On ascending the companionway after lunch, Frederick saw Arthur Stoss in the unfrequented smoking-room eating his meal in perfect equanimity and cheerfulness undisturbed by the weather. Frederick went in for a chat with the original, witty monstrosity. He was cutting his fish with a knife and fork held between the great toe and the second toe.
"Our old omnibus is jolting a bit," he said. "If our boilers are good, there is nothing to fear. But there's this much about it. If it is not a cyclone yet, it may still turn into one. I don't care. It looks more discouraging than it really is. What a man will do! To show the people in Cape Town, Melbourne, Buenos Aires, San Francisco and Mexico what a man with a firm, energetic will can accomplish, even if nature has not favoured him, he will plow through all the cyclones, hurricanes and typhoons of all the waters of the globe. Your business man sitting in the Winter Garden in Berlin, or the Alhambra in London, never dreams of all the things the performer giving his number must go through before he can merely stand where he is standing. He can't ever take it easy and let himself get rusty."
Frederick was feeling miserable. Although his dreams were still haunting his brain, and Ingigerd, or his sick wife, or the Russian Jewess was still present in his soul, he nevertheless felt that all sensations were becoming more and more submerged in the one sensation, that on all sides there was distinct menace of a brutal danger.
Hans Füllenberg entered. His face was lifeless.
"There is a corpse on board," he said, in a tone implying a causal relation between the dead stoker and the raging storm. It was very evident that the spice had been taken out of Hans Füllenberg's life.
"I heard the same thing," Stoss said. "My man, Bulke, told me a stoker died."
Frederick simulated ignorance of the event. Accustomed to observe himself honestly, he realized that though the fact was not new to him, Füllenberg's statement of it had made him shudder.

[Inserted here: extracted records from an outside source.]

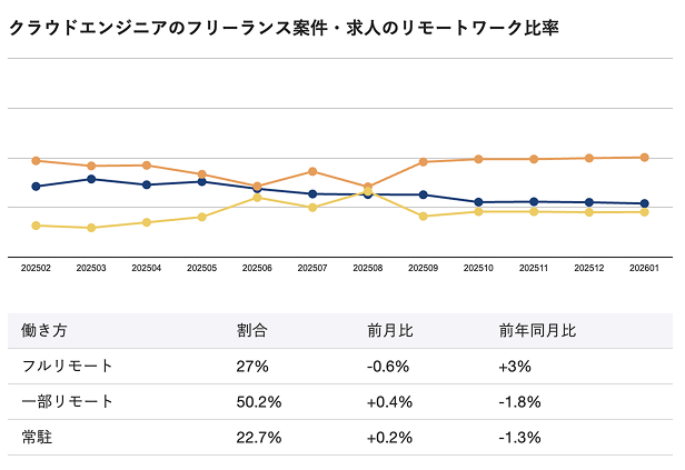 2026年2月時点のクラウドエンジニア向けフリーランス案件・求人におけるリモートワーク比率は、フルリモートが27%、一部リモートが50.2%、常駐が22.7%となっています。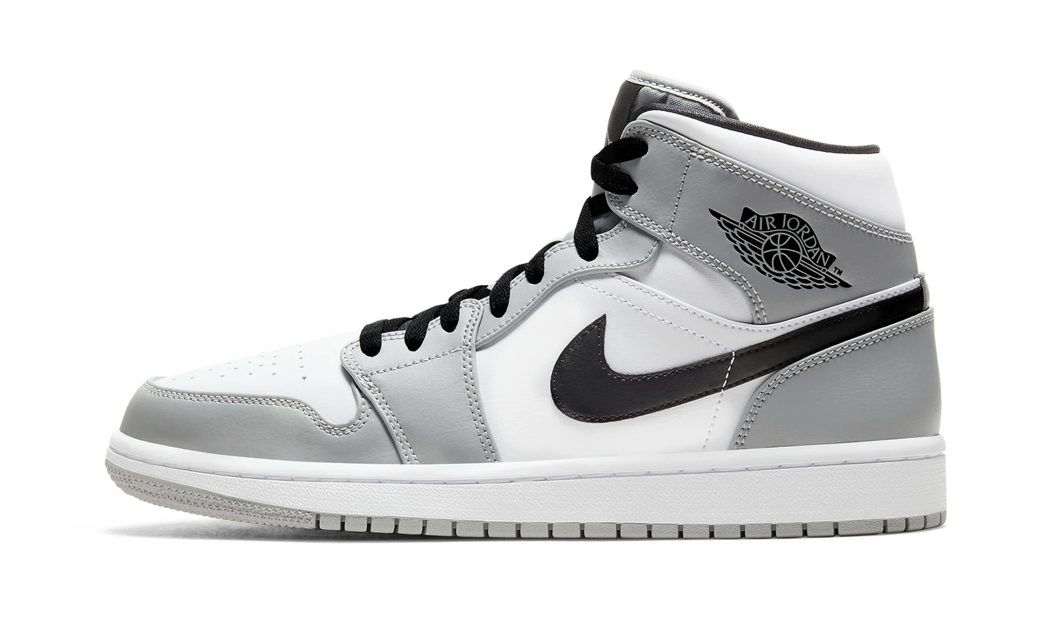 The Air Jordan 1 Mid “Light Smoke Grey” finds Michael Jordan’s first signature shoe in mid-top form in a shadowy, ultra versatile color scheme. The Jordan 1 Mid has gained popularity in sneaker culture for its unique mid-top shape and range of desirable colorways. Both aspects come into play on the “Light Smoke Grey” colorway. White leather forms the base of the upper, appearing on the perforated toe, mid-panel, and collar. Light Smoke Grey leather overlays can be found on the forefoot, eyelets, collar, and heel. A black leather Swoosh is located on each side and black “Wings” branding dots the collar. Jordan Brand finishes off the look of this subdued design with a grey nylon tongue, black laces, and black nylon tongue tab with grey Jumpman detailing.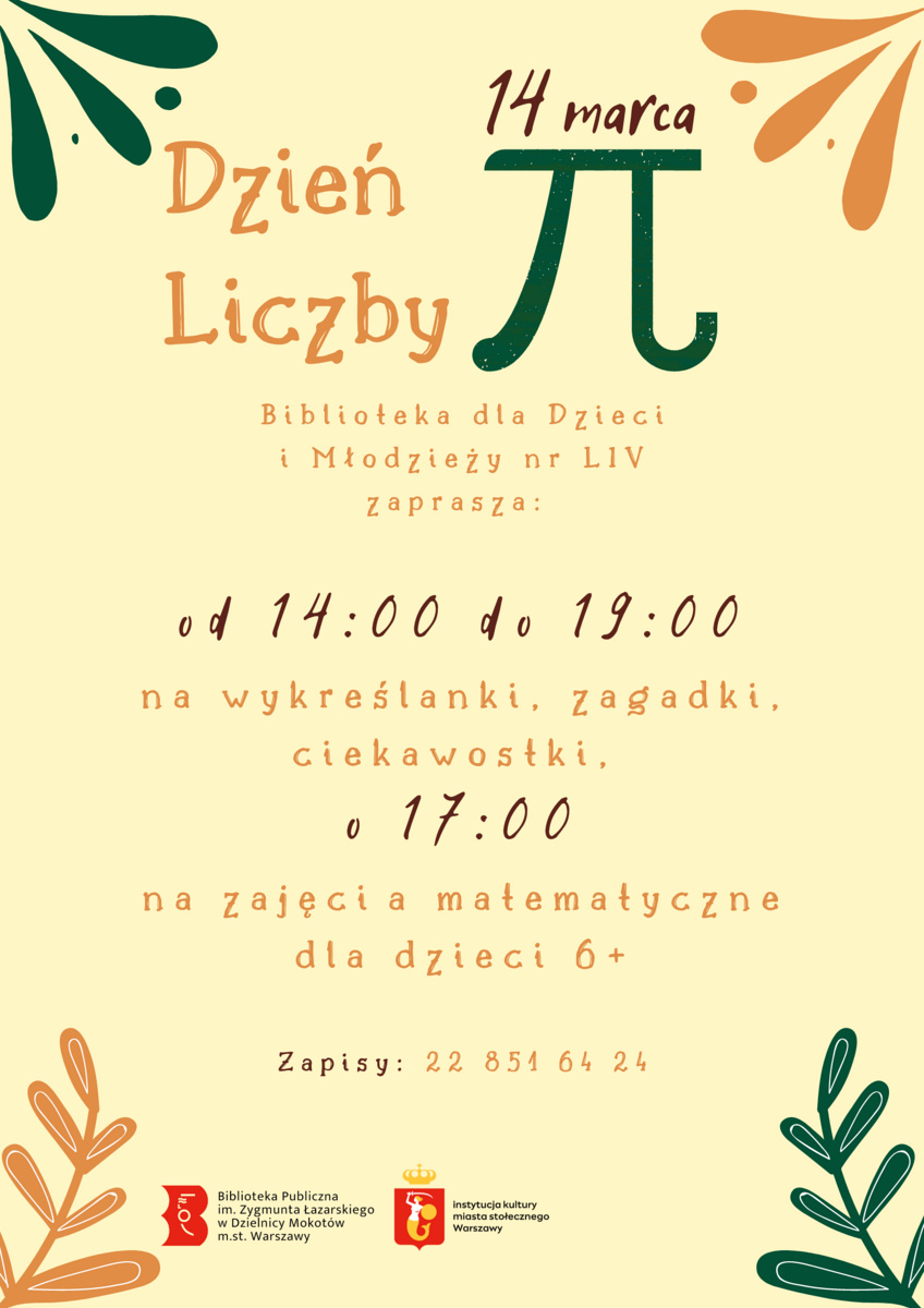 Za tydzień Biblioteka dla Dzieci i Młodzieży nr LIV obchodzi Dzień Liczby Pi! 3️⃣,1️⃣4️⃣

"The dead man is dead," said Stoss, now attacking his roast with appetite. "We won't be wrecked on the dead stoker's corpse. But last night a derelict was sighted. Those corpses, the corpses of vessels, are dangerous. When the sea is rough, they can't be sighted."
Frederick asked for more information about derelicts.
"About nine hundred and seventy-five drifting derelicts," Stoss explained, "have been sighted in five years here in the northern part of the Atlantic. It is certain that the actual number is twice as great. One of the most dangerous of such tramps is the iron four-masted schooner, Houresfeld. On its way from Liverpool to San Francisco, fire broke out in its hold, and the crew abandoned it. If we were to collide with anything of that sort, there wouldn't be a soul left to tell the tale."
"You can't pass through the gangways," said Füllenberg, "the bulkheads are closed down."
The siren began to roar again. Frederick still heard defiance and triumph in the cry, and yet something recalling the broken horn of the hero Roland in Roncesvalles.
"There is no danger yet," said Stoss to calm him.